Di sisi lain, mahasiswa yang sedang dalam kondisi psikologis "mode protes" juga melihat kedatangan massa besar sebagai ancaman terhadap ruang ekspresi mereka. Hasilnya adalah bentrokan fisik yang tidak terelakkan. Batu-batu beterbangan menggantikan argumen, kaca-kaca gedung kampus pecah menjadi simbol kegagalan dialog. Yang lebih memprihatinkan, fasilitas publik yang seharusnya menjadi ruang belajar berubah menjadi medan konflik. Aparat TNI dan Polri yang berada di lokasi akhirnya turun tangan, menjadi penengah paksa di antara dua kelompok yang sama-sama merasa dirugikan.
Membaca Narasi di Balik Kerusakan Fisik
Kapolrestabes Makassar, Kombes Pol Arya Perdana, menyebut insiden ini bermula dari "kesalahpahaman". Namun, kata itu mungkin terlalu sederhana untuk menggambarkan kompleksitas yang terjadi. Data dari Lembaga Studi Konflik Perkotaan mencatat bahwa dalam lima tahun terakhir, setidaknya ada 15 insiden serupa di berbagai kota di Indonesia di mana aksi demonstrasi bertabrakan dengan aktivitas warga biasa, yang berujung pada eskalasi kekerasan. Polanya sering sama: komunikasi yang buruk, ketiadaan mediator yang dipercaya kedua belah pihak, dan respons yang digerakkan oleh emosi ketimbang rasionalitas.
Di Makassar khususnya, ada dinamika unik. Sebagai kota dengan pertumbuhan ekonomi digital yang pesat, jumlah pengemudi ojol meningkat signifikan—menurut Asosiasi Ojek Online Indonesia, ada lebih dari 50,000 pengemudi aktif di Sulawesi Selatan, dengan mayoritas beroperasi di Makassar. Mereka adalah bagian dari denyut nadi ekonomi kota, namun seringkali merasa tidak memiliki saluran aspirasi yang memadai. Sementara mahasiswa, dengan akses ke pendidikan dan wacana kritis, memiliki alat untuk menyuarakan ketidakadilan tetapi terkadang kurang memiliki mekanisme untuk berinteraksi konstruktif dengan kelompok masyarakat lain. Ketika dua dunia ini bertabrakan tanpa bahasa yang sama, ledakan sosial menjadi konsekuensi yang hampir tak terhindarkan.
Refleksi untuk Kota yang Lebih Tanggap
Melihat pecahnya kaca dan kerusakan di kampus UNM, kita mungkin tergoda untuk hanya menyalahkan salah satu pihak atau mencari-cari kambing hitam. Namun, pendekatan seperti itu justru akan mengubur akar masalah lebih dalam.

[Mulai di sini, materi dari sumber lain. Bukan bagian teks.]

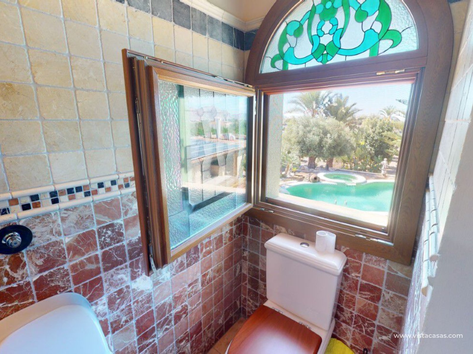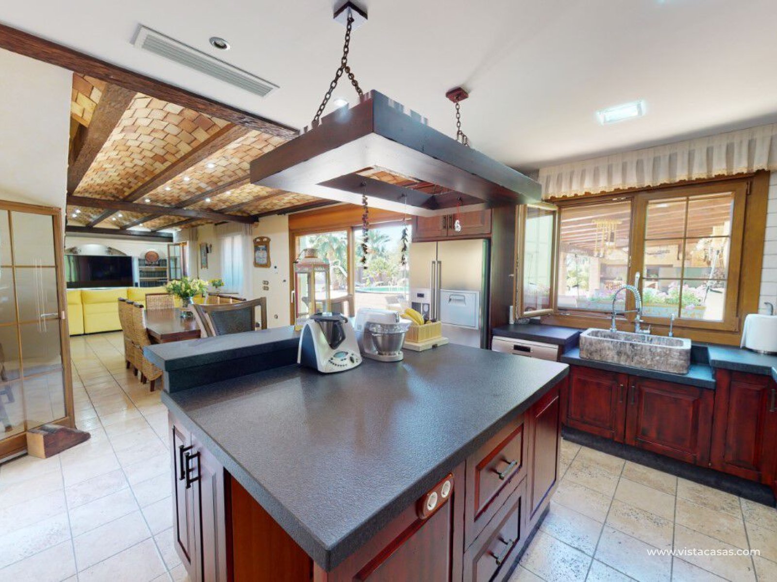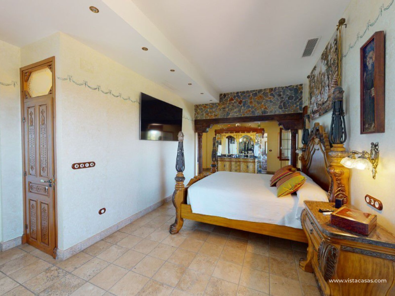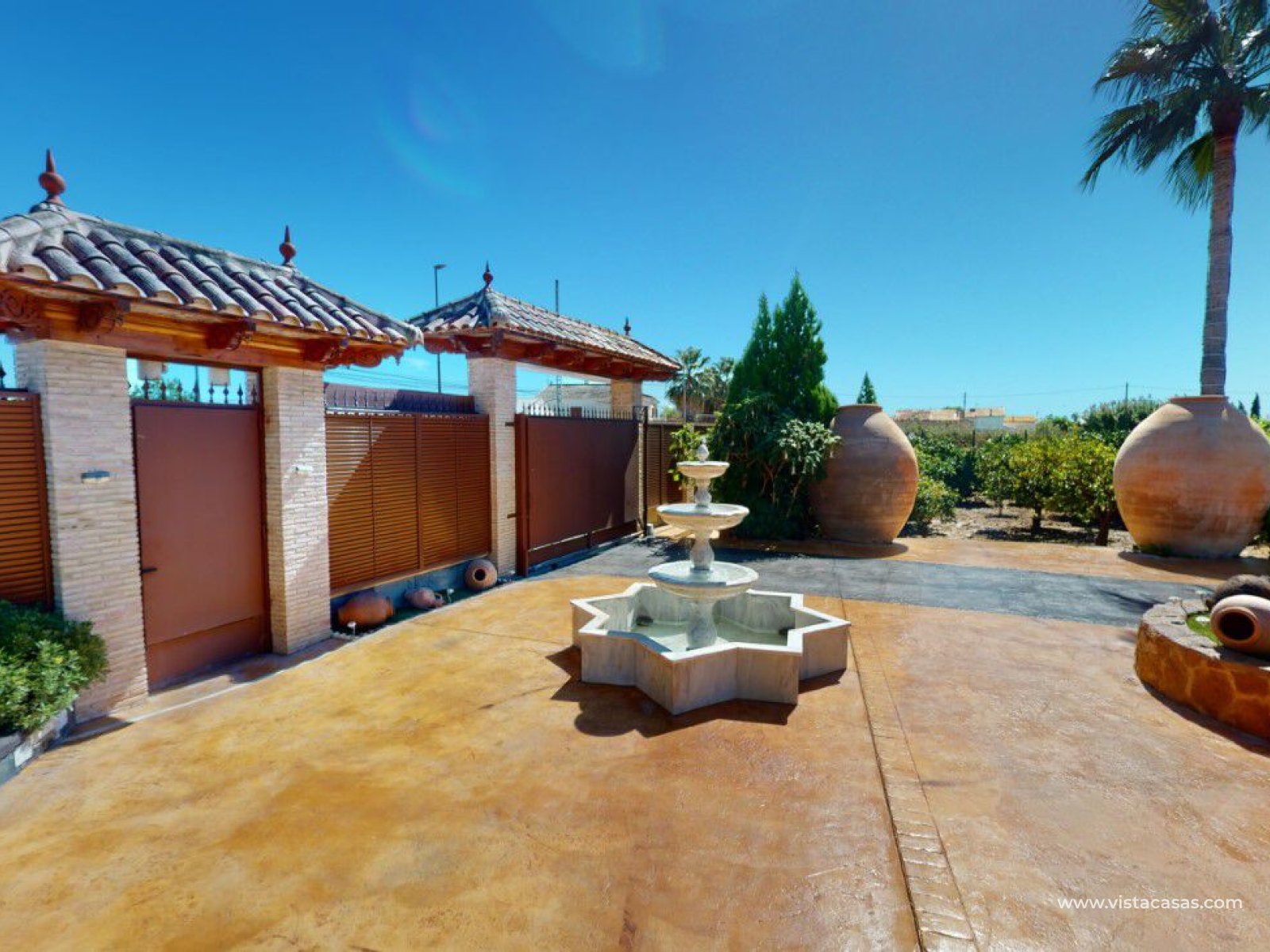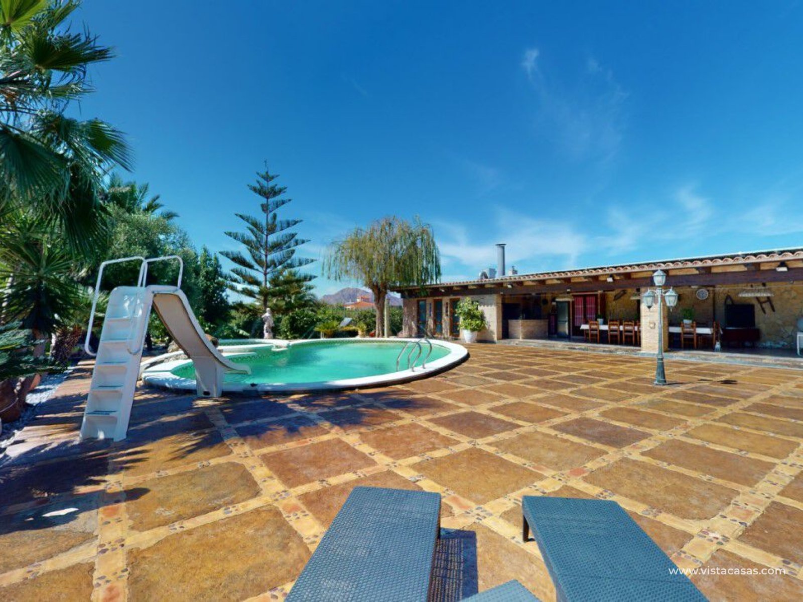 Phenomenal detached villa with a construction size of almost 500m 2 and a private pool on a plot of approximately 7,000m 2 . This detailed and well maintained gem of a property was designed by the current owners with all of the home's features carefully chosen to best represent the beautiful architecture. Entering the main entrance hallway, a handmade floor design is presented to replicate a hallway from an old Andalusian palace. The ground floor offers 3 large bedrooms, all of them with surprising private bathrooms. Further down, a bright and spacious living room with high quality craftsmanship including a fireplace built around an original Galician piece. Also a dining room, a bathroom (toilet and sink) and a fully equipped open plan kitchen with a large pantry. The first floor offers the master bedroom. The entire floor is dedicated to this room and is divided into 5 areas; The first of which is a living room with a beautiful wall with beautiful views of the Orihuela mountain range, a floating wall TV, a private bathroom with separate bath and shower, a dressing room with plenty of storage space and a safe room! The safe room door is undetectable when closed and its handle is in a secret location for your maximum security. The house itself was raised one and a half meters, thus avoiding humidity and its structure is anti-seismic. All doors are handmade, glass windows are custom designed (which future owners may have changed), all blinds are electric and the property also features marble floors with underground heating, air, CWC windows and Solar panels over the outdoor kitchen producing 13.6kw of electricity. Its privileged exterior of more than 7,000m 2 is divided into 3 main areas; A large terrace accessed through the kitchen door consisting of a laundry room and a large storage room with all large electronic devices to keep the noise level inside to a minimum. A private swimming pool (6m x 12m) with jacuzzi and slide, an external building with storage room, bathroom and a large shower room for the pool, a fully equipped outdoor kitchen with barbecue, a large dining room, a fountain and a driveway with Electric entry gates leading to a garage with space for 3 large vehicles. Finally, the property comes with around 6,500m2 of various orchards and right next to the property there is a stream which the owners use to water the orchard for free. If you would like to see the property in more detail, we have a 360° video tour below. Or call, book a showing with one of our agents and find the home of your dreams today!

Polisi telah berjanji akan memproses kasus ini secara hukum—sebuah langkah penting untuk menegaskan bahwa kekerasan bukanlah solusi. Tapi, apakah penegakan hukum saja cukup?
Sebagai masyarakat kota yang hidup dalam ruang yang sama, kita perlu bertanya: bagaimana menciptakan mekanisme sehingga solidaritas kelompok tidak berubah menjadi gerombolan destruktif? Bagaimana membangun jembatan komunikasi antara kampus—sebagai pusat intelektual—dengan para pekerja gig yang menjadi tulang punggung ekonomi urban? Insiden di UNM seharusnya menjadi alarm keras bagi kita semua. Di era di mana informasi menyebar cepat dan mobilisasi massa bisa terjadi dalam hitungan menit, kita membutuhkan lebih dari sekadar aparat keamanan—kita membutuhkan budaya dialog, empati antar-kelompok, dan pemahaman bahwa ruang kota adalah milik bersama yang harus dijaga bersama.
Malam itu di Makassar, dua kelompok yang sebenarnya sama-sama rentan dalam sistem yang lebih besar justru saling menghancurkan. Mereka lupa bahwa musuh sebenarnya bukanlah satu sama lain. Saat lampu-lampu kota kembali menyala dan puing-puing dibersihkan, semoga yang tersisa bukan hanya luka dan dendam, tetapi pelajaran berharga tentang bagaimana menjadi warga kota yang tidak hanya hidup berdampingan, tetapi juga mampu saling mendengarkan—bahkan di saat-saat paling tegang sekalipun. Bagaimana menurut Anda, langkah apa yang paling krusial untuk mencegah terulangnya tragedi seperti ini di kota kita?